SR Number 7251740.992 Open Date 30-OCT-08 01:54:01

Support Identifier 14827454 Name He JianMin

Severity 2 Last Update 04-NOV-08 07:37:03

Product Oracle Server - Enterprise Edition Product Version 9.2.0.6.0

Platform HP-UX PA-RISC (64-bit) Detailed Status Hard Close

SR Reference n/a BUG Reference n/a

Abstract

TRUNCATE TABLE HANG,SESSION WAIT IS DFS LOCK HANDLE,PMON CAN'T CLEAN DEAD PROCES

Resolution History

30-OCT-08 01:54:01 GMT

### PROBLEM STATEMENT ###

we try to truncate a very large table,

SQL> select sum(bytes)/1024/1024/1024 size_g from user_segments where

segment_name='ALERTBUFF';

SIZE_G

----------

329.8125

1* select tablespace_name,PARTITIONED from user_tables where table_name='ALERTBUFF'

SQL> /

TABLESPACE_NAME PAR

------------------------------ ---

DATA_DYNAMIC NO

SQL> select EXTENT_MANAGEMENT,SEGMENT_SPACE_MANAGEMENT from user_tablespaces where

tablespace_name='DATA_DYNAMIC';

EXTENT_MAN SEGMEN

---------- ------

LOCAL MANUAL

SQL> select index_name,tablespace_name,PARTITIONED from user_indexes where table_name='ALERTBUFF';

INDEX_NAME TABLESPACE_NAME PAR

------------------------------ ------------------------------ ---

IDX_ALERTBUFF_ALERTTIME DATA_DYNAMIC NO

PK_ALERTBUFF DATA_DYNAMIC NO

we execute "truncate table xxx reuse storage",when it was executing,the network broke.And

we login database again,we found the session still active.

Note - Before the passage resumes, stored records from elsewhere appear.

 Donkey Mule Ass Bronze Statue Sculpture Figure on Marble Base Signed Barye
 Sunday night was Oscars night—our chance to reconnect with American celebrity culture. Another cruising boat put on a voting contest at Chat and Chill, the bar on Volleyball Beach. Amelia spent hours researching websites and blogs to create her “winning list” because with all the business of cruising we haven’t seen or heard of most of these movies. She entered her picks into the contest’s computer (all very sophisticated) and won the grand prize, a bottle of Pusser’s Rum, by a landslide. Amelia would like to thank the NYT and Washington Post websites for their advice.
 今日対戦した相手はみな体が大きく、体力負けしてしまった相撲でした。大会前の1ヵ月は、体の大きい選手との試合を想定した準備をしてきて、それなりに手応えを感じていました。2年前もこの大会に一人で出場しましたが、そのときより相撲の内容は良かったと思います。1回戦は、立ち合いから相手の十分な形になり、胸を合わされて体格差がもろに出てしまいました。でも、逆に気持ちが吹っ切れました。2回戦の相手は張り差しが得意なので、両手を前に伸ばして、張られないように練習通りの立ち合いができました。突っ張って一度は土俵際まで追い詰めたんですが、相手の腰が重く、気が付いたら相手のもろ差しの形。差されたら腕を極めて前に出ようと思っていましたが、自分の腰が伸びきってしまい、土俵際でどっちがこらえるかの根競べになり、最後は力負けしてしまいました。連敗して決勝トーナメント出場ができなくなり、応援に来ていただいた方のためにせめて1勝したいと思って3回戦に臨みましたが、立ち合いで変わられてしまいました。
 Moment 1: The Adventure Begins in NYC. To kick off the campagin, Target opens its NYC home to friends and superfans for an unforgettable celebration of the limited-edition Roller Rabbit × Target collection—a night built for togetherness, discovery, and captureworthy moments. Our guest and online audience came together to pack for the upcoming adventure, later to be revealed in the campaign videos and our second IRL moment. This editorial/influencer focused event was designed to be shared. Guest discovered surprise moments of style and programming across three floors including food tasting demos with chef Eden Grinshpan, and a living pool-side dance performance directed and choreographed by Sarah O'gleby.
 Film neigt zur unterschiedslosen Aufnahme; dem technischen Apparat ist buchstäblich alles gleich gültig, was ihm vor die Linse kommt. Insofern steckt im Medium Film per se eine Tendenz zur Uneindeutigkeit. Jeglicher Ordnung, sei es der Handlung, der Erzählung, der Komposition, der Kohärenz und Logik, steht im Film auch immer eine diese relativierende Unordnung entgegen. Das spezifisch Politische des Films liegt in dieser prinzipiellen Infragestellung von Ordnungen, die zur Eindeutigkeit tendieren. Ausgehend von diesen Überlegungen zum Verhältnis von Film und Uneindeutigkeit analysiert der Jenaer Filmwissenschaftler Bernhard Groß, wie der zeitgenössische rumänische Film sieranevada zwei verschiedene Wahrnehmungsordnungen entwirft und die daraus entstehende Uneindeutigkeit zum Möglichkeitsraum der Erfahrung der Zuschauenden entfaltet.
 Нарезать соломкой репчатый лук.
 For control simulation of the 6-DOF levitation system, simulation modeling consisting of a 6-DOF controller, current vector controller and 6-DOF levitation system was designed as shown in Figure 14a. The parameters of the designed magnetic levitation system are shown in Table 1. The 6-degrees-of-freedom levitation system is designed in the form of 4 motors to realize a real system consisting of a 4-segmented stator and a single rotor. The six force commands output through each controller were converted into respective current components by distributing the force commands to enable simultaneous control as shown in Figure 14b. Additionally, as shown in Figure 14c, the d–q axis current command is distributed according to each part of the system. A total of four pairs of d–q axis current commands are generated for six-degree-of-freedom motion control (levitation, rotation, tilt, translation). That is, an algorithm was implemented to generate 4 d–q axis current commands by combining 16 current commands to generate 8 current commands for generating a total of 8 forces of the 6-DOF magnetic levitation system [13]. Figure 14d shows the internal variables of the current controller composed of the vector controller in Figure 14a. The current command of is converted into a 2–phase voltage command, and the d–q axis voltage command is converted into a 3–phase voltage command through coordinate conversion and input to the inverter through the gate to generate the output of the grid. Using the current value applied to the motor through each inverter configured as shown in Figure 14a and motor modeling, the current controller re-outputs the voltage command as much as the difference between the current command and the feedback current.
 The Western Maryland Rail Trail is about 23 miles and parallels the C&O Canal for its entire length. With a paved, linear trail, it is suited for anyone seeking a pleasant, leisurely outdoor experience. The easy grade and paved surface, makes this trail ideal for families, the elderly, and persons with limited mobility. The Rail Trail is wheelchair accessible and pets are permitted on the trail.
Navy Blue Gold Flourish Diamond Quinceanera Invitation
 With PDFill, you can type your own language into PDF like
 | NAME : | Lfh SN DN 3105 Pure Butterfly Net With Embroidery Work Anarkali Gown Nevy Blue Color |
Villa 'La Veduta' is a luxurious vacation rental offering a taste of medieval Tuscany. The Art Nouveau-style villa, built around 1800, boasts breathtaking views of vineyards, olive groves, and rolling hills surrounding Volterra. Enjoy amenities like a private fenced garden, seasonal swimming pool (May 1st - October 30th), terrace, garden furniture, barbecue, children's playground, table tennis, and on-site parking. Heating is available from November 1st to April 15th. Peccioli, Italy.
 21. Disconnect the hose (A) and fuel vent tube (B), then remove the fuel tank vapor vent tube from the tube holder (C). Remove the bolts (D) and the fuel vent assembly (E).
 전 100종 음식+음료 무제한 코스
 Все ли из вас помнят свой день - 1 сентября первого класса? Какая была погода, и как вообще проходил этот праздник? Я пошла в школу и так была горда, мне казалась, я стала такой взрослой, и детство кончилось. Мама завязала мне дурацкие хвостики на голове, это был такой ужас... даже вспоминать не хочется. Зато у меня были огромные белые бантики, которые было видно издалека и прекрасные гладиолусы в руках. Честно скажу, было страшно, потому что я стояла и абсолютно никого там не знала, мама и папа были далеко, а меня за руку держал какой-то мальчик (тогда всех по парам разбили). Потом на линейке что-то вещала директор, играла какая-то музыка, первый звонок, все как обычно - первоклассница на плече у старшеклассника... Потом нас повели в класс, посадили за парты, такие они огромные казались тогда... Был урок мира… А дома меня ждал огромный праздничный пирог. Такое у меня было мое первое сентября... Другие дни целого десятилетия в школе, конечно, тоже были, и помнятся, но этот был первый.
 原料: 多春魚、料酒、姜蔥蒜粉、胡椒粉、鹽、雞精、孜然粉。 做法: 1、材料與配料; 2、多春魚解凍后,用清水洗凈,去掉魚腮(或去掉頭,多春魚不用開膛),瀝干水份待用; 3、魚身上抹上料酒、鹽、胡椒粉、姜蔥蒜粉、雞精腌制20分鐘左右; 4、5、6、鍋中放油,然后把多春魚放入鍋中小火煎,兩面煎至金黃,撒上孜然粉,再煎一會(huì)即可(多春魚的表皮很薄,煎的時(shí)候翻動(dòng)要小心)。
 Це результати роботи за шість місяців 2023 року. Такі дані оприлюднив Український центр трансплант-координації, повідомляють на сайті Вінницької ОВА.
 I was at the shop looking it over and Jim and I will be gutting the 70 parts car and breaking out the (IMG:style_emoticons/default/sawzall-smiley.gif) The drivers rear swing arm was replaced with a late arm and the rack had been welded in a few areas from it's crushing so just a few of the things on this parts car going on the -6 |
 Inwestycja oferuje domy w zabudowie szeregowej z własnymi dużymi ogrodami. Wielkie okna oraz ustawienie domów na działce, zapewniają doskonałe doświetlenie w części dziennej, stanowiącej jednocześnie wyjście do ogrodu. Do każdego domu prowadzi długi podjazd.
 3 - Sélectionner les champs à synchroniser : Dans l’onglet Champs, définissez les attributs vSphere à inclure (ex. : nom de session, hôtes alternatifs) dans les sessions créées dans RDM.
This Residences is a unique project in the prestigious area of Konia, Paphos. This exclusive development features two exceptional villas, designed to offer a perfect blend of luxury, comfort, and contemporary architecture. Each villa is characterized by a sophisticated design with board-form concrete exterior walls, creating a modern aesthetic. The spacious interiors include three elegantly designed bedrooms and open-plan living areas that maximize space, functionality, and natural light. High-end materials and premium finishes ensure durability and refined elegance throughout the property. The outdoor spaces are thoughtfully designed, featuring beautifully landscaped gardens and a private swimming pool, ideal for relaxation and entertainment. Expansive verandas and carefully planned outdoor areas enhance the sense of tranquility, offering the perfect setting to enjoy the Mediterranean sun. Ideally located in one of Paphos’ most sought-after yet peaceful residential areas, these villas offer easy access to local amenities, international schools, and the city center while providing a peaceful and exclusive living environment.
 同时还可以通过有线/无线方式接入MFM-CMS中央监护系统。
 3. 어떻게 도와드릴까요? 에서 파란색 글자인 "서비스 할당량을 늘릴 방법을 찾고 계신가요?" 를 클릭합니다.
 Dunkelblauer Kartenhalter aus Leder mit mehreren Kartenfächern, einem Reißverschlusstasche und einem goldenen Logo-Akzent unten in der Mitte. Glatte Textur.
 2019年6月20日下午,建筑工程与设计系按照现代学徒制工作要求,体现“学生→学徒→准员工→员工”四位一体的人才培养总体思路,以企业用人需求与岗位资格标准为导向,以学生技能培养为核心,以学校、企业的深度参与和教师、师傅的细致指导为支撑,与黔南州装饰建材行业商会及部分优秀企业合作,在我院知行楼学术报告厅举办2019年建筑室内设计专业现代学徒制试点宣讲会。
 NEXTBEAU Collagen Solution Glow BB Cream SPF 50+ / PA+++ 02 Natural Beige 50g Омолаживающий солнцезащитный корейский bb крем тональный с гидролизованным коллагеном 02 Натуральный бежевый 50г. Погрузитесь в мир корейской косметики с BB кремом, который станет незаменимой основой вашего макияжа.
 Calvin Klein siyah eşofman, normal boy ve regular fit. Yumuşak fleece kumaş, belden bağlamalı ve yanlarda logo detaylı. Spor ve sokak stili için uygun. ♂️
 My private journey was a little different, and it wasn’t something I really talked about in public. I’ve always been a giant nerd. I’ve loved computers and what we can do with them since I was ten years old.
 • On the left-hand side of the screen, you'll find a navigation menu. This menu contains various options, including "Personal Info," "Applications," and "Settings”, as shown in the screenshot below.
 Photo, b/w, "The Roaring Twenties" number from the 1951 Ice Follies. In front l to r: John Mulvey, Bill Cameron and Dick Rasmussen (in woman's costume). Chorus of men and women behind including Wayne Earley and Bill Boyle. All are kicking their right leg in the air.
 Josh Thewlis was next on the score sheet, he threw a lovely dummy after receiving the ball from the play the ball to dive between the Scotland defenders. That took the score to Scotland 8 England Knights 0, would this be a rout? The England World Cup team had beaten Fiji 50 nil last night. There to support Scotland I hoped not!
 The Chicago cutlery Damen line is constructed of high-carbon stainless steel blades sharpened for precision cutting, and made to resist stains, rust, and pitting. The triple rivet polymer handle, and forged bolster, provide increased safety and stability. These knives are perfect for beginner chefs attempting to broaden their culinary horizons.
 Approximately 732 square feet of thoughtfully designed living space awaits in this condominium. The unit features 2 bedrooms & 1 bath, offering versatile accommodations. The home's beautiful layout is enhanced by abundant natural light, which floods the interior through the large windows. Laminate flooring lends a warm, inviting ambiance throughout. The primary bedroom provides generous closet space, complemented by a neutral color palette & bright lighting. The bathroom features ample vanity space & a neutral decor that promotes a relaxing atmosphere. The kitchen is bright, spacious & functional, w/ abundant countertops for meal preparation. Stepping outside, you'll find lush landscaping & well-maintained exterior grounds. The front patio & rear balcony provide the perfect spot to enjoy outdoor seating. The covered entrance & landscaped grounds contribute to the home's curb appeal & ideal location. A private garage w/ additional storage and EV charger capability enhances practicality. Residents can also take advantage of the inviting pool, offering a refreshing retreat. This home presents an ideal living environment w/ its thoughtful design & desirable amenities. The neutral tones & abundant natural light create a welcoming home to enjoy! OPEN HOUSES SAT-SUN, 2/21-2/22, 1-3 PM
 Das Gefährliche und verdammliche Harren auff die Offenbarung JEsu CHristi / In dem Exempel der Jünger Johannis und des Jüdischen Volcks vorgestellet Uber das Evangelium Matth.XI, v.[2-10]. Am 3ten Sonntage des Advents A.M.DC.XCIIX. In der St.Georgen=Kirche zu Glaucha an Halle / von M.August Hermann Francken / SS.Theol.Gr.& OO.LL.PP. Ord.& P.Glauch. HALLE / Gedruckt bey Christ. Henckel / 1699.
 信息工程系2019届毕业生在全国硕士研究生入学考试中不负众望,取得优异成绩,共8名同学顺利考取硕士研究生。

we try to found this sid,serial#,spid.we killed this session and process in OS and wanted to execute

that truncate statement again.

we check this status is killed but in dba_dml_locks it still lock:

SQL> select * from dba_dml_locks;

SESSION_ID OWNER NAME MODE_HELD

MODE_REQUESTE LAST_CONVERT BLOCKING_OTHERS

---------- ------------------------------ ------------------------------ -------------

------------- ------------ ----------------------------------------

64 MISC ALERTBUFF Exclusive

None 1643 Global

64 SYS MLOG$ Row-X (SX) None 1643

Global

SQL> l

1* select * from v$session_wait where sid=64

SQL> /

SID SEQ# EVENT

P1TEXTP1 P1RAW P2TEXT

P2 P2RAW P3TEXT P3 P3RAW WAIT_TIME

SECONDS_IN_WAIT STATE

---------- ---------- ----------------------------------------------------------------

---------------------------------------------------------------- ----------

----------------

---------------------------------------------------------------- ----------

----------------

---------------------------------------------------------------- ----------

---------------- ---------- --------------- -------------------

64 3540 DFS lock handle

type|mode1128857605 0000000043490005 id1

18 0000000000000012 id2 2 0000000000000002

0 39340 WAITING

SQL>

and in alertlog,we found that:

"PMON failed to delete process, see PMON trace

file"

oracle@gd_rac01:/oracle/app/oracle/admin/gdrac/bdump$ more gdrac1_pmon_7976.trc

Dump file /oracle/app/oracle/admin/gdrac/bdump/gdrac1_pmon_7976.trc

Oracle9i Enterprise Edition Release 9.2.0.6.0 - 64bit Production

With the Partitioning and Real Application Clusters options

JServer Release 9.2.0.6.0 - Production

ORACLE_HOME = /oracle/app/oracle/product/9.2.0

System name: HP-UX

Node name: gd_rac01

Release: B.11.11

Version: U

Machine: 9000/800

Instance name: gdrac1

Redo thread mounted by this instance: 1

Oracle process number: 2

Unix process pid: 7976, image: oracle@gd_rac01 (PMON)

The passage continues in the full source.